You are almost there. You literally have to notice that there is no non-trivial group homomorphism $\mathbb{Z}_2\to\mathbb{Z}$ because $\mathbb{Z}$ has no non-trivial finite subgroups.

For 5., I am very stuck and do not know how to solve it, to be honest.

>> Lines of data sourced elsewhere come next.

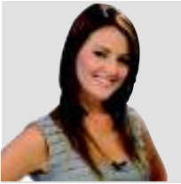
POR ROMINA BATALLÉS
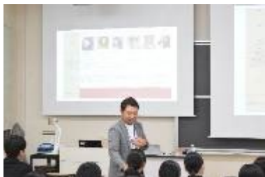
【NAFU JOB 博の様様（立川様講演）】
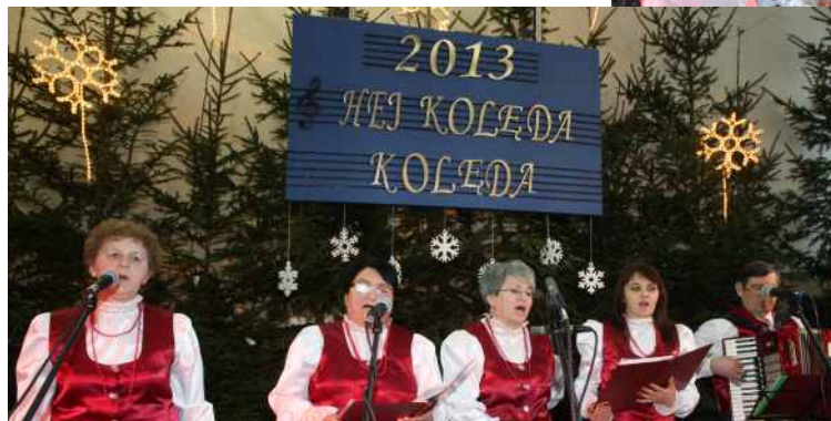
⌚ GOŚCINIANKI z Gościejewa
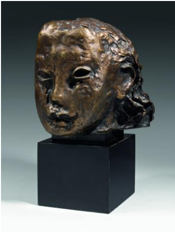
7. Jean FAUTRIER, Jeune Fille au grand front , 1940 Bronze, 18,5 x 16,5 x 19 cm Fondation Beyeler, Riehen/ Bâle Donation Collection Renard Photo : Studio Sebert © Adagp, Paris, 2017
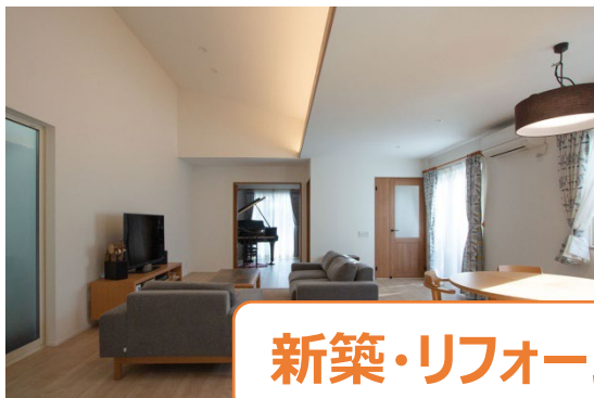
新築・リフォーム工事業
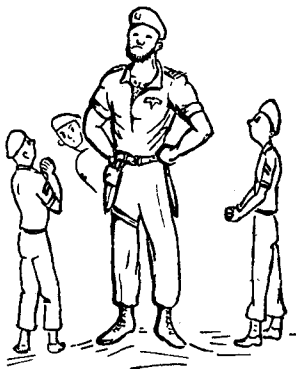
ערכים הנקנים בדרך של השראה

אתה טוען, בניגוד לדעתי, שחוסר הכשרה מתאימה זיא הגורם העיקרי לכך שהמ"כים נתגלו כחוליה וחלשה בשרשרת הפיקוד. לדעתך, השתלמויות נור-זפות עלולות לתקן ולהעלות בהרבה את רמתם של המ"כים. לא אכנס לויכוח, אומר רק זאת: כל תופעה נזה עפ"ר תוצאת מספר גורמים. חשוב לאתר את זמכריע שבגורמים. אין ספק שטענתך על ההכשרה זלוקה בחסר היא אחד הגורמים לתופעה. לדעתי
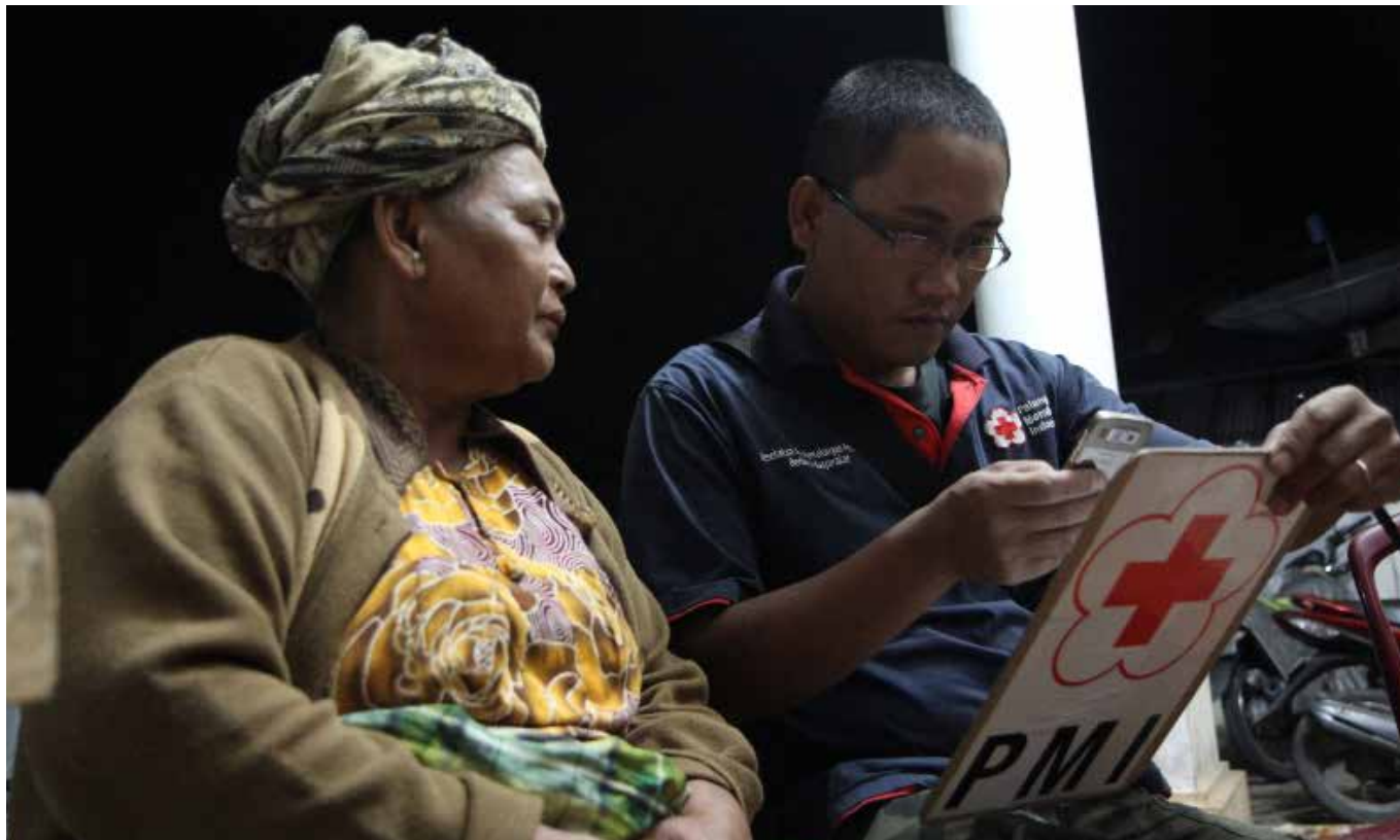
Relawan PMI melakukan verifikasi data penerima manfaat.
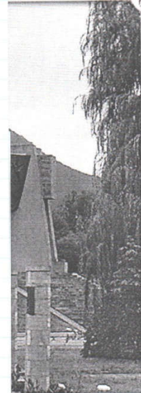
1 правильный ответ; за

Учитель: Дуркина А.П. 10 октября 2018 г.
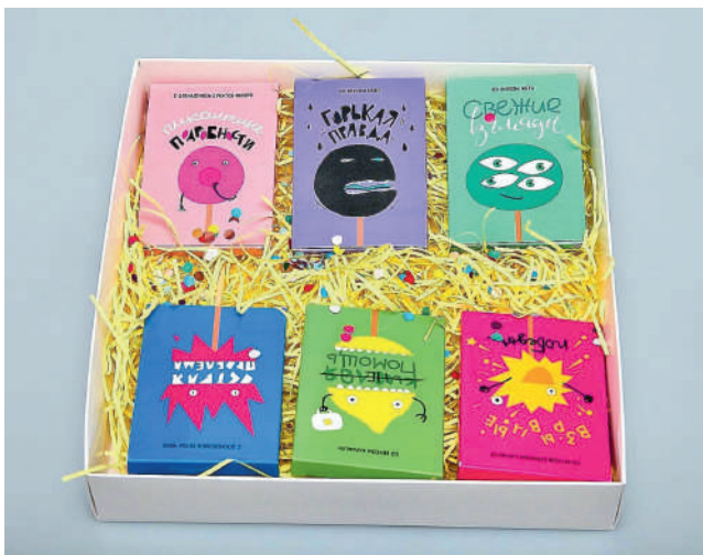
Набор конфет «Факты по вкусу» во время презентации на фестивале рекламы «ЛАМА» (20.10.2022, Минск)

Блогеры с общим количеством подписчиков более 860 тысяч человек разместили яркие истории с использованием полученной информационной продукции. Органический охват их постов и сторис составил более 100 тысяч человек. Проект стал обладателем гран-при фестиваля PR и рекламы «ЛАМА» как лучший информационный продукт, а также многократным призером международного конкурса рекламы «Белый квадрат».

This is similar to the idea for the universal covering. First you take a covering $p_k:S^1\to S^1$ with $k$ leafs, i.e. $p_k(z)=z^k$ in terms of complex numbers. Then you attach copy of $X_2\vee X_3$ at every $k$-th root of unity in $S^1$. It is tempting to do the attaching in a smart way, i.e. by copying $X_2\vee X_3$ and rotating $k$ time. With such construction simple rotation becomes the covering map we are looking for. However the devil is in the details: for big enough $k$ copies of $X_2\vee X_3$ will intersect each other. And we don't want that. Therefore we need to do an abstract glueing at each $k$-th root of unity, and then consider a "projection" as the covering map. Here we project only copies of $X_2\vee X_3$ onto $X_2\vee X_3$, the base $S^1\to S^1$ stays as rotation $z\mapsto z^k$. The drawing for $k=4$:

As for the subgroup this requires some tedious calculations which follow from general properties of coverings. Both spaces have $\mathbb{Z}$ as the fundamental group and it can be shown that the induced morphism $(p_k)_*$ maps $[x]$ to $k[x]$. And so the subgroup we are looking for is $k\mathbb{Z}\subseteq\mathbb{Z}$. I'm not going to go into details on this one, feel free to ask a separate question.